If someone can help with this, I'll appreciate it.
Thanks!
What you are asking about is called the time-complexity of your algorithm. We talk about the time complexity of algorithms using so called Big-O notation.
Big-O notation is a method for talking about the approximate number of steps our algorithms take relative to the size of the algorithms input, in the worst possible case for an input of that size.
Your algorithm runs in O(n) time (pronounced "big-oh of n" or "order n" or sometimes we just say "linear time").
You already know that steps 1,2, and 4 all run in a constant number of steps relative to the size of the array. We say that those steps run in O(1) time ("constant time").
So let's consider step 3:
If there are n elements in the array, then step 3 needs to do n comparisons in the worst case. So we say that step 3 takes O(n) time.
Since the algorithm takes O(n) time on step 3, and all other steps are faster, we say that the total time complexity of your algorithm is O(n).
When we write O(f), where f is some function, we mean that the algorithm runs within some constant factor of f for large values.
Take your algorithm for example. For large values of n (say n = 1000), the algorithm doesn't take exactly n steps. Suppose that a comparison takes 5 instructions to complete in your algorithm, on your machine of choice. (It could be any constant number, I'm just choosing 5 for example.) And suppose that steps 1, 2, 4 all take some constant number of steps each, totalling 10 instructions for all three of those steps.
Then for n = 1000 your algorithm would take:
Steps 1 + 2 + 4 = 10 instructions. Step 3 = 5*1000 = 5000 instructions.

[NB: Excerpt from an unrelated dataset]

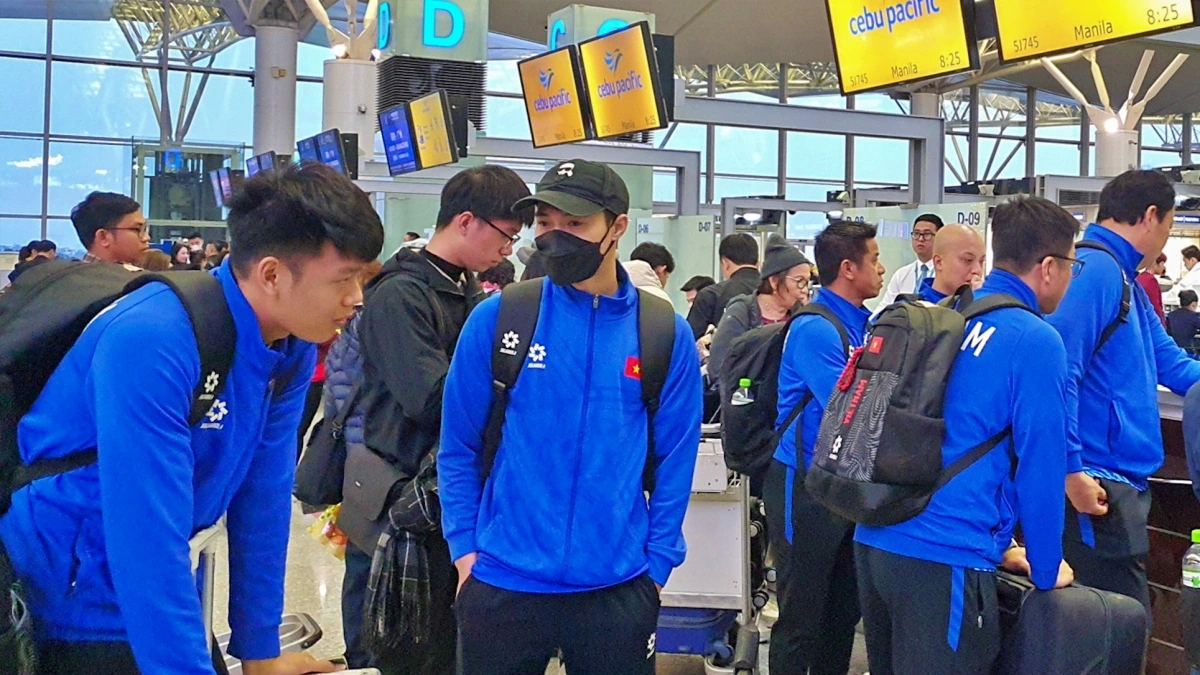 출국하는 베트남 남자 축구 대표팀 선수들 (사진: VOV) |
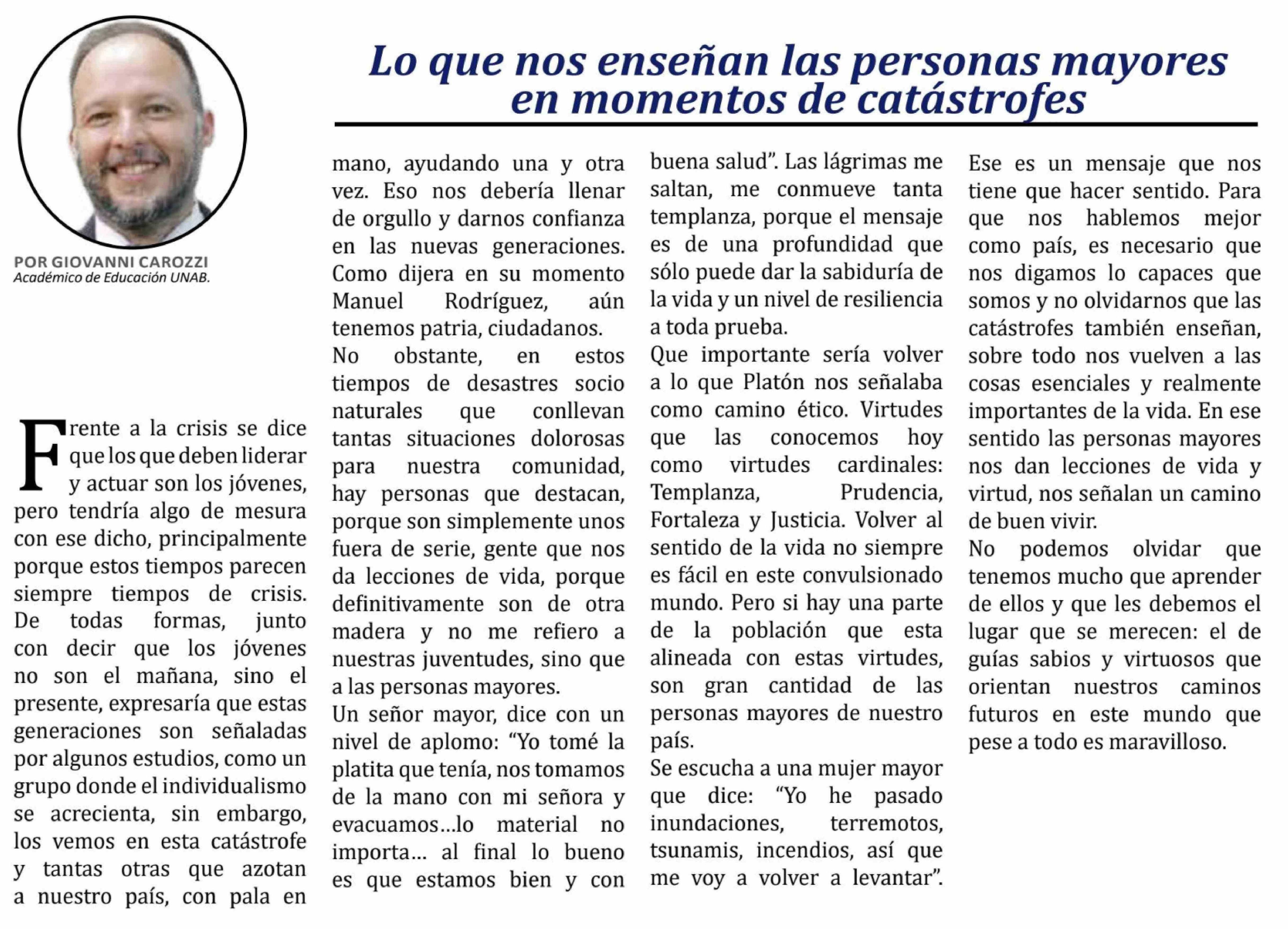 Columnas de Opinión: Lo que nos enseñan las personas mayores en momentos de catástrofes

This is a total of 5010 instructions. This is about 5*n instructions, which is a constant factor of n, which is why we say it is O(n).
For very large n, the 10 in f = 5*n + 10 becomes more and more insignificant, as does the 5. For this reason, we simply reduce the function to f is within a constant factor of n for large n by saying f is in O(n).
In this way it's easy to describe the idea that a quadratic function like f1 = n^2 + 2 is always larger than any linear function like f2 = 10000*n + 50000 when n is large enough, by simply writing f1 as O(n) and f2 as O(n^2).
You are correct. The running time is O(n) where n is the number of elements in the arrays. Each time you add 1 element to the arrays, you would have to execute the loop 1 more time in the worst case.